Records section start

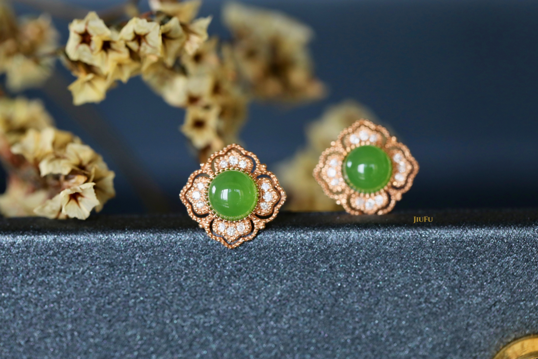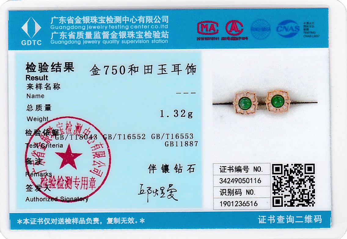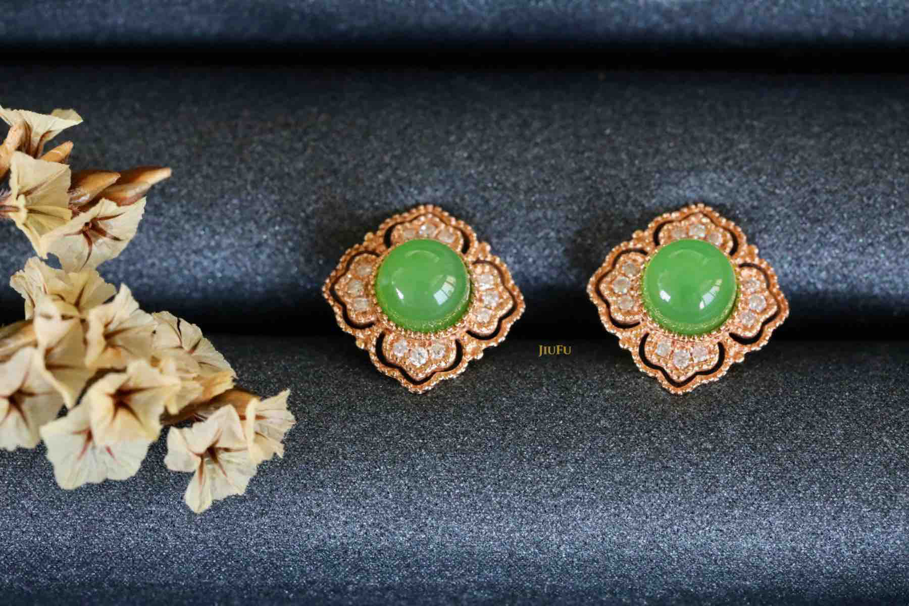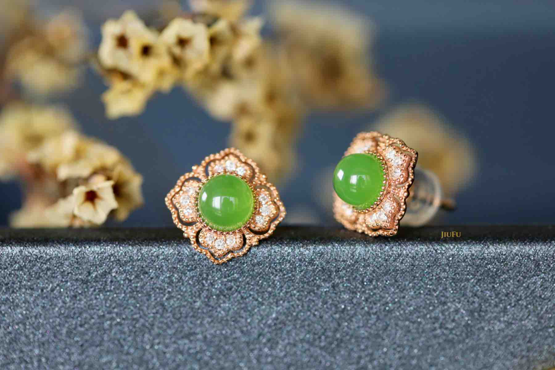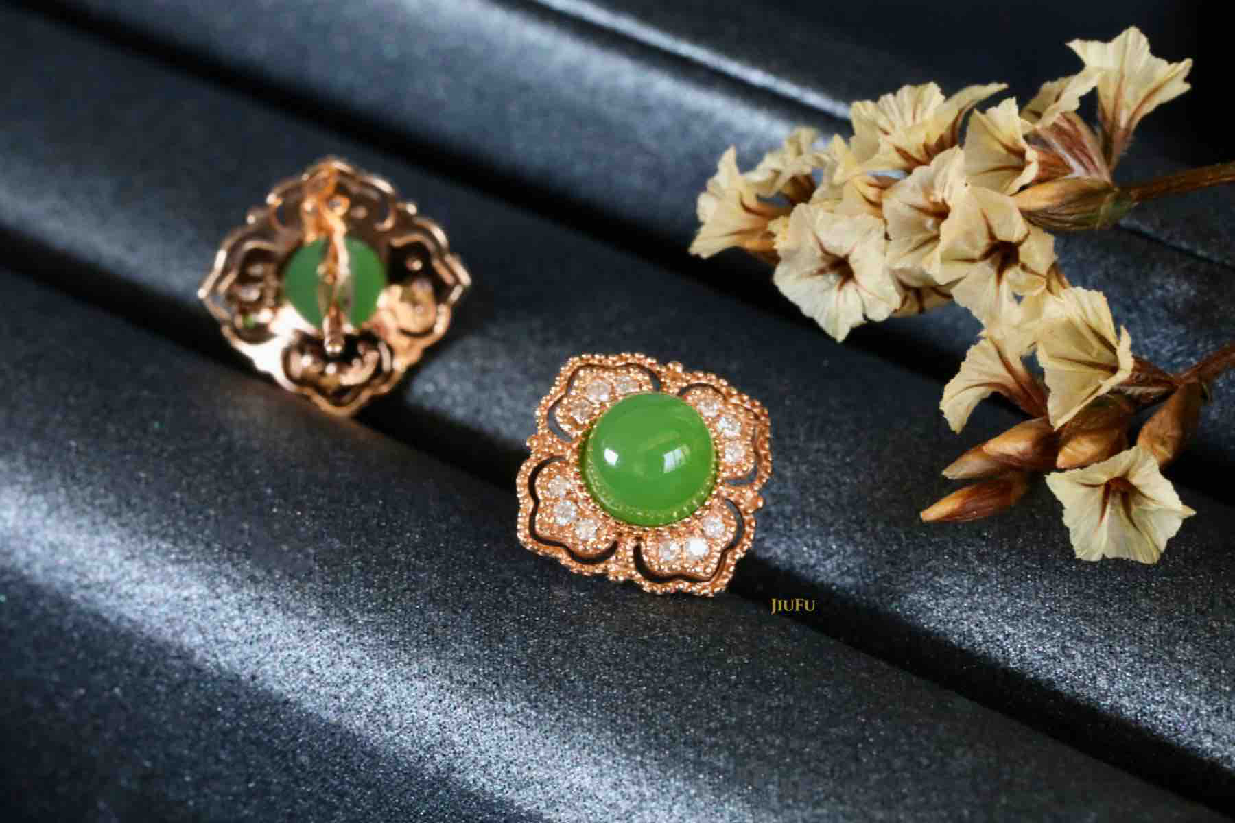 18K玫瑰金和田玉(碧玉)耳饰
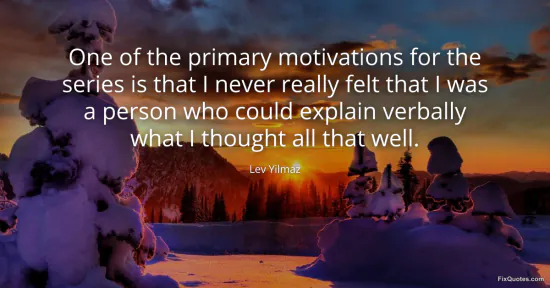 Yilmaz, Lev. "One of the primary motivations for the series is that I never really felt that I was a person who could explain verbally what I thought all that well." FixQuotes. January 16, 2026. https://fixquotes.com/quotes/one-of-the-primary-motivations-for-the-series-is-119194/.
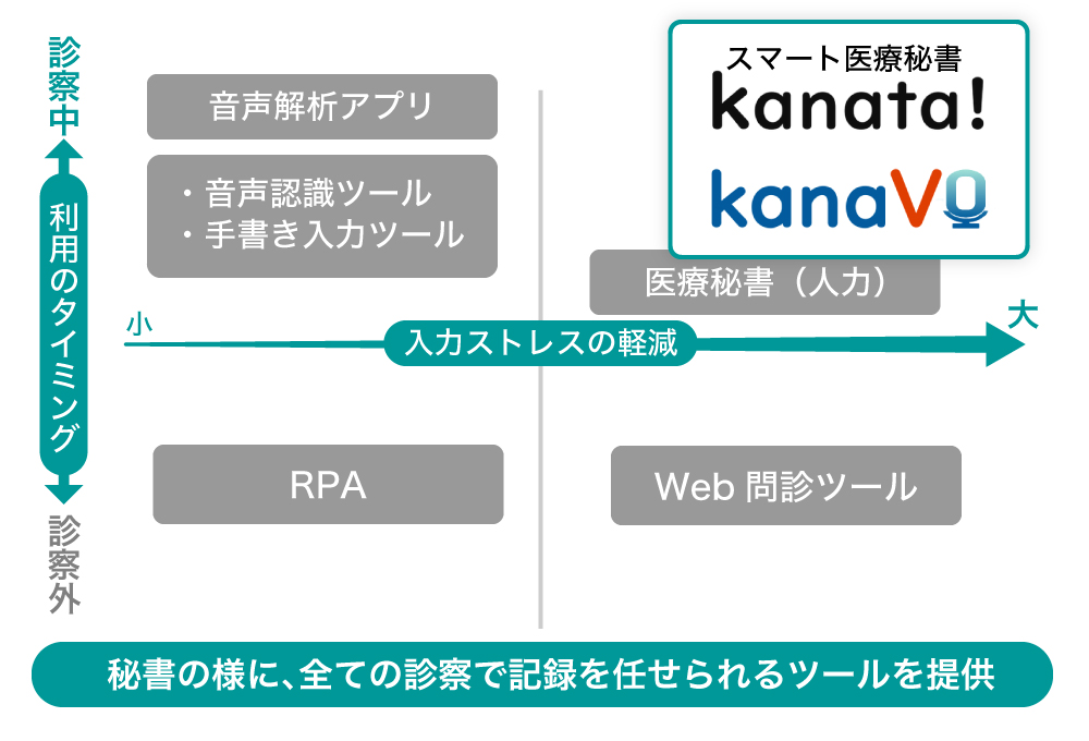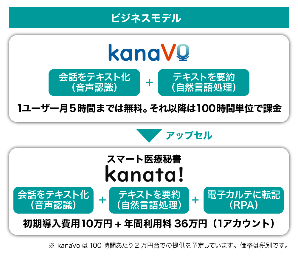 そこから、RPAでの自動入力もしたいというユーザーには、「kanaVo」を入り口としてスマート医療秘書サービス「kanata!」を知ってもらうことが可能です。
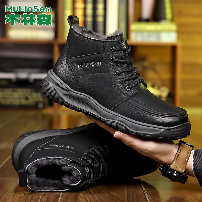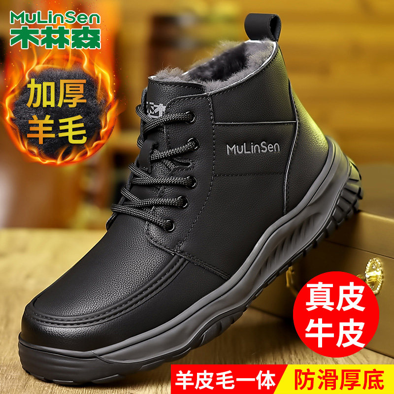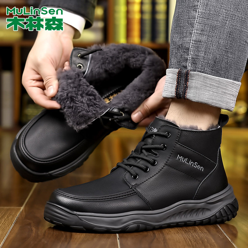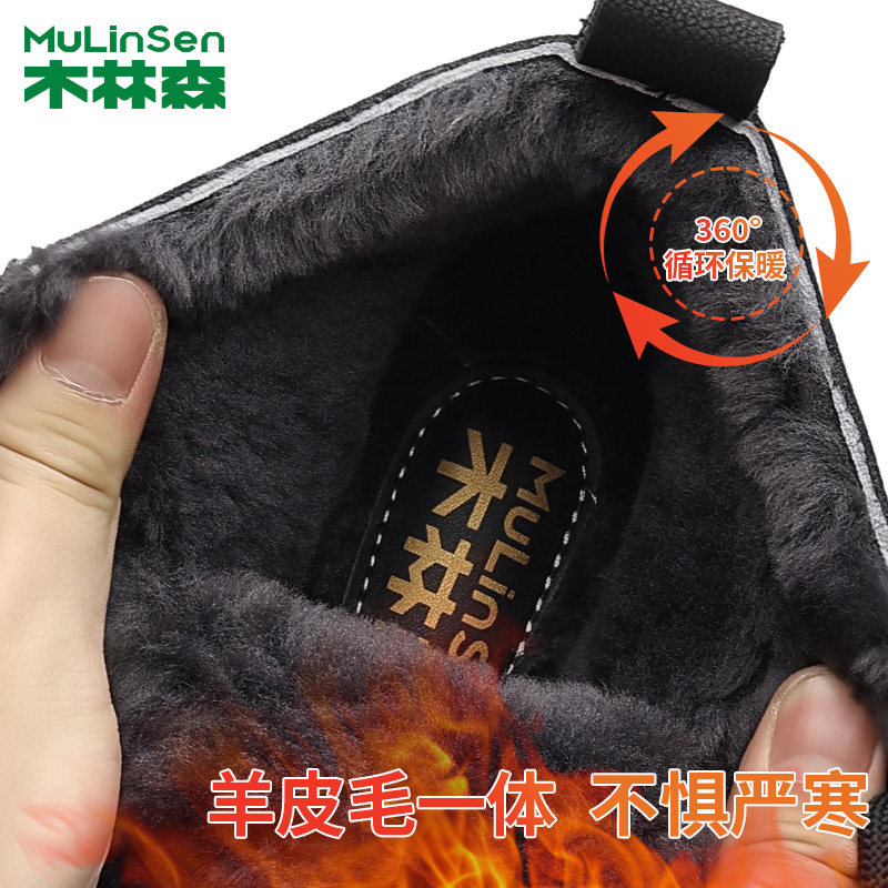 木林森棉鞋男款冬季保暖加绒东北大棉鞋男羊毛皮毛一体时尚雪地靴
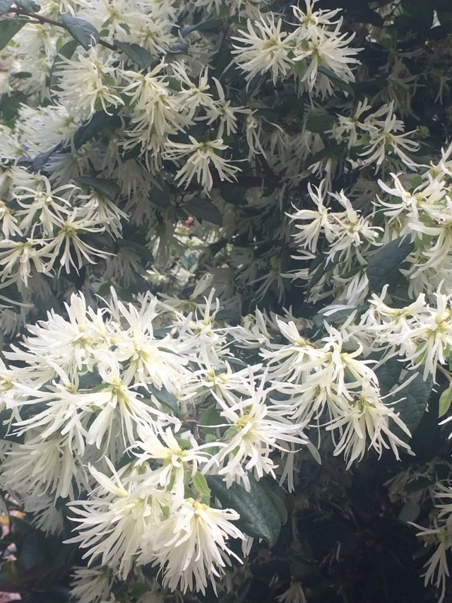 The gorgeous white (many species are pink) Loropetalum chinense, named by Daniel Oliver (1830–1916), who was Keeper of the Herbarium at Kew. (In 1864 he published a standard botany textbook, based on manuscripts left by Henslow and illustrated by the latter’s youngest daughter, Anne Henslow Barnard.) It is a witch hazel relative, and apparently hardy in the UK …
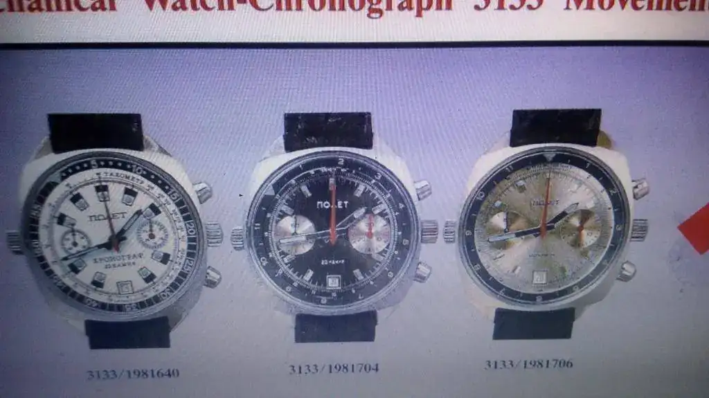 Aquí ya podemos ver tres referencias diferentes y una descripción del calibre 3133. Si queréis ver los catálogos completos los podéis encontrar aquí: http://ussr-watch.com/watch-catalogues/
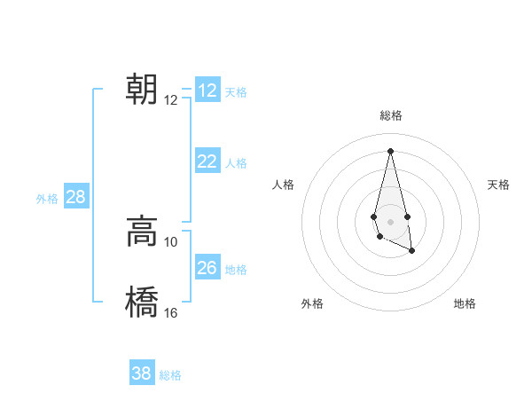 朝 高橋さんの総格は38画の4点!
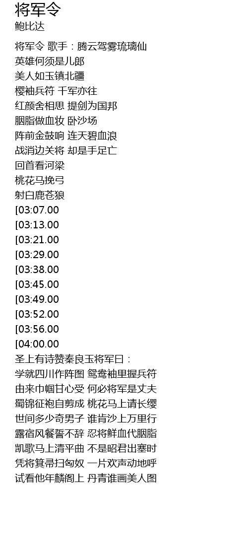 | [00:00.00] | 将军令 歌手:腾云驾雾琉璃仙 |
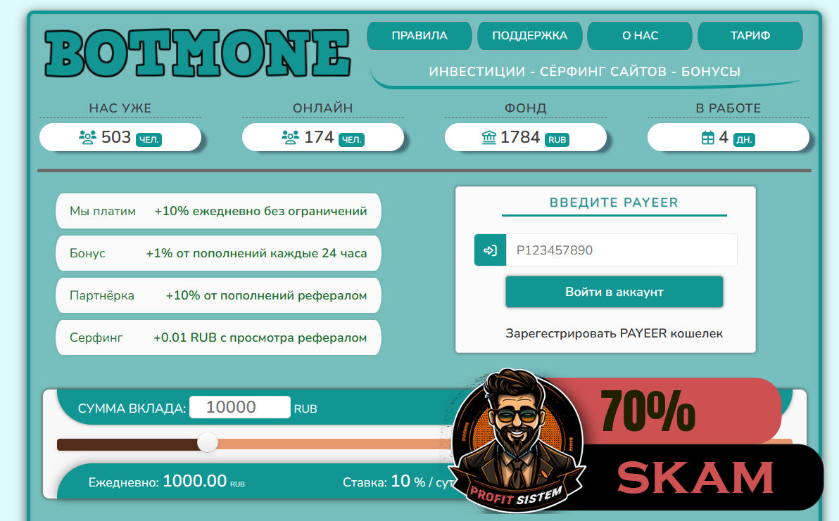 Зашел в интересный Майнер Примелькался он мне :) Работает не первый день Смотрю потихоньку развивается Недавно добавили рекламные баннеры В проекте есть Бонусы и Сёрфинг Маркетинг вкусный. Платит по 10% в сутки Начисления каждую секунду. Вклад работает на бессрочной основе. Регистрация простоя, через Payeer кошелек По возможности используйте новые кошельки (особенно если используете проект для рекламы) Выплаты мгновенные, инстантом.
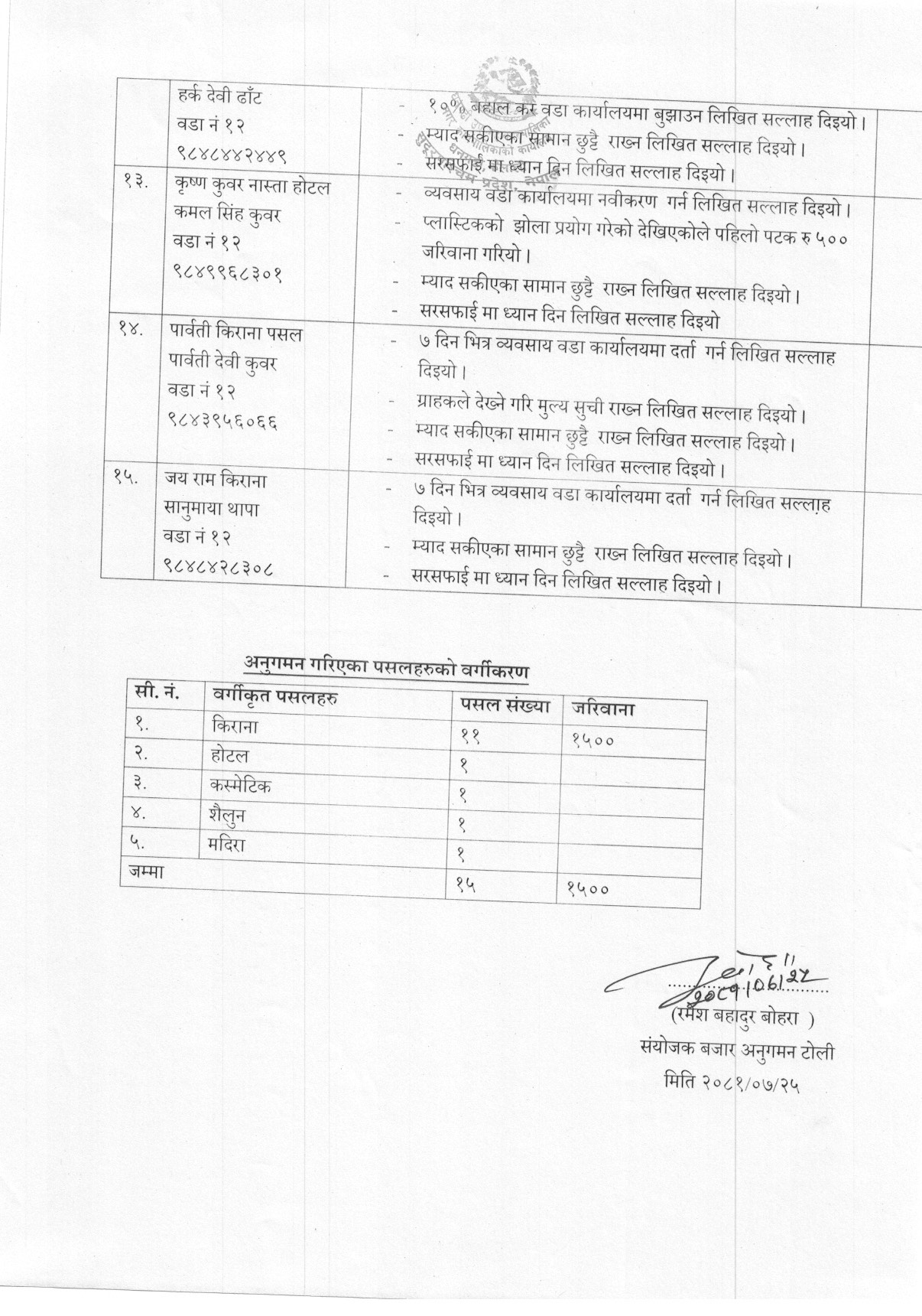मिति २०८१-०७-२५ गतेको बजार अनुगमन प्रतिबेदन
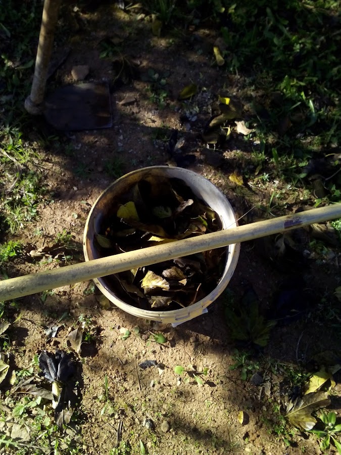 Para poder hacer los montones y recogerlas nos ayudamos de un rastrillo y las vamos metiendo dentro de un cubo para llevarlas a la pila de compost o a nuestro compostador casero, que es nuestro caso.
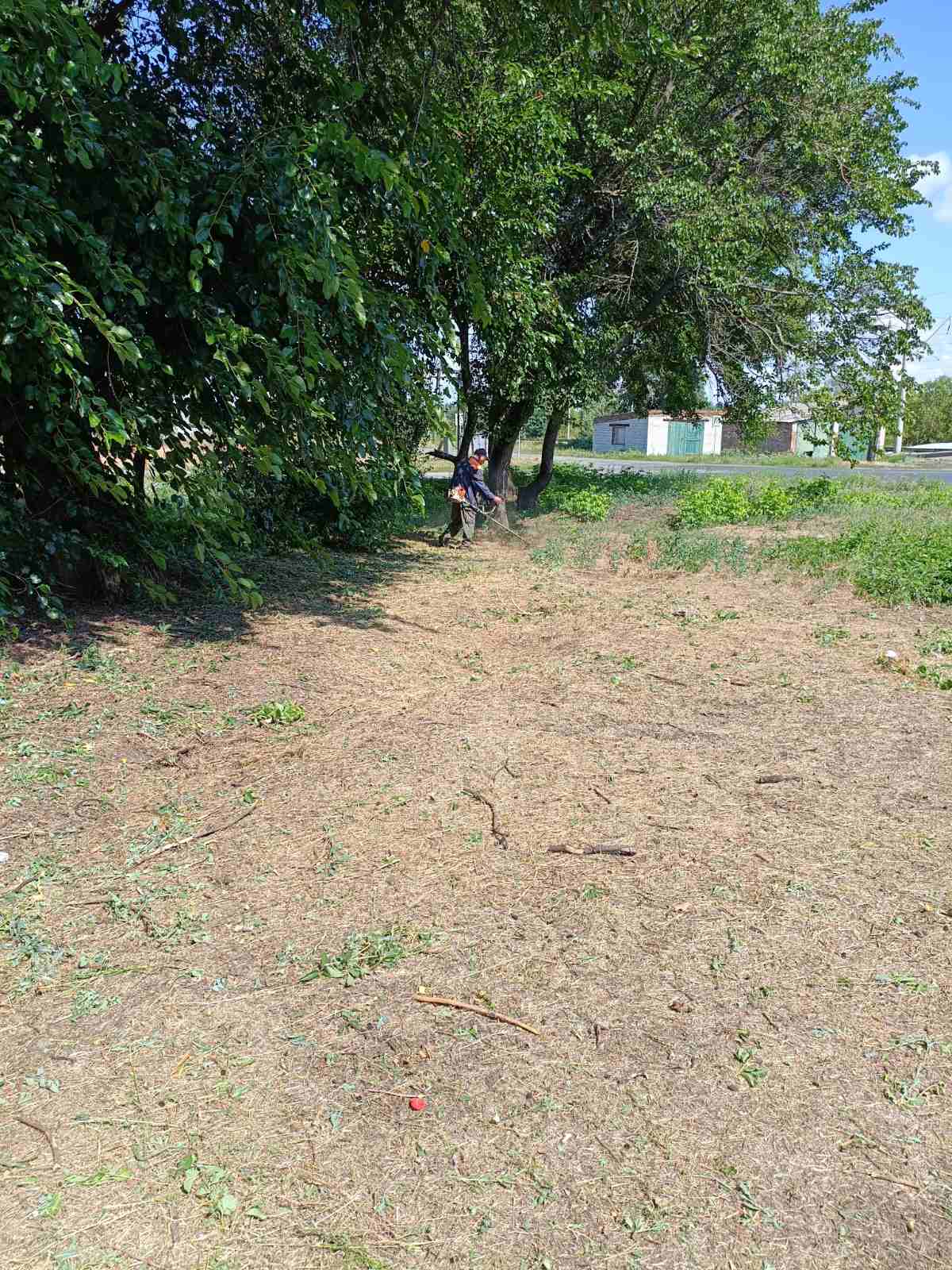✅ Здійснюється викошування ділянок комунальної власності по вул. Шкільній та біля пам’ятника «Скорботна мати» в центрі села.
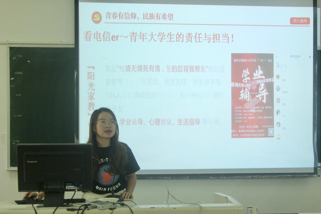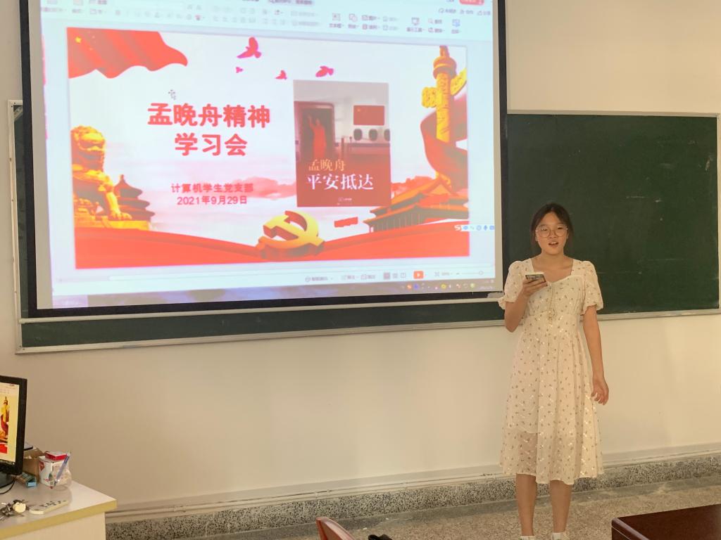 辅导员吴佳妲向同学们讲解了孟晚舟事件的实质,以及孟晚舟回国的深刻意义:何止是孟晚舟,每当我们的同胞遇到危难时,祖国总会在关键时刻及时出手,做同胞的“诺亚方舟”,做人民的安全卫士。一句“祖国接你回家”折射出人民至上的执政理念,凸显了一个大国的自信与力量。作为中华儿女的命运共同体,强大的中国是每个中国人的坚强靠山,祖国繁荣昌盛也是所有中国人的心愿!作为电信学子,我们更要在今后的人生历程中,展现青年老员工的责任与担当!

Records section end

Prompt
Copy back exactly the lines above from the one containing "of the primary" through the one containing "木林森棉鞋男款冬季保暖加绒东北大棉鞋男羊毛皮毛一体时尚雪地靴", and leave every picture behind.

Output of the task
 Yilmaz, Lev. "One of the primary motivations for the series is that I never really felt that I was a person who could explain verbally what I thought all that well." FixQuotes. January 16, 2026. https://fixquotes.com/quotes/one-of-the-primary-motivations-for-the-series-is-119194/.
 そこから、RPAでの自動入力もしたいというユーザーには、「kanaVo」を入り口としてスマート医療秘書サービス「kanata!」を知ってもらうことが可能です。
 木林森棉鞋男款冬季保暖加绒东北大棉鞋男羊毛皮毛一体时尚雪地靴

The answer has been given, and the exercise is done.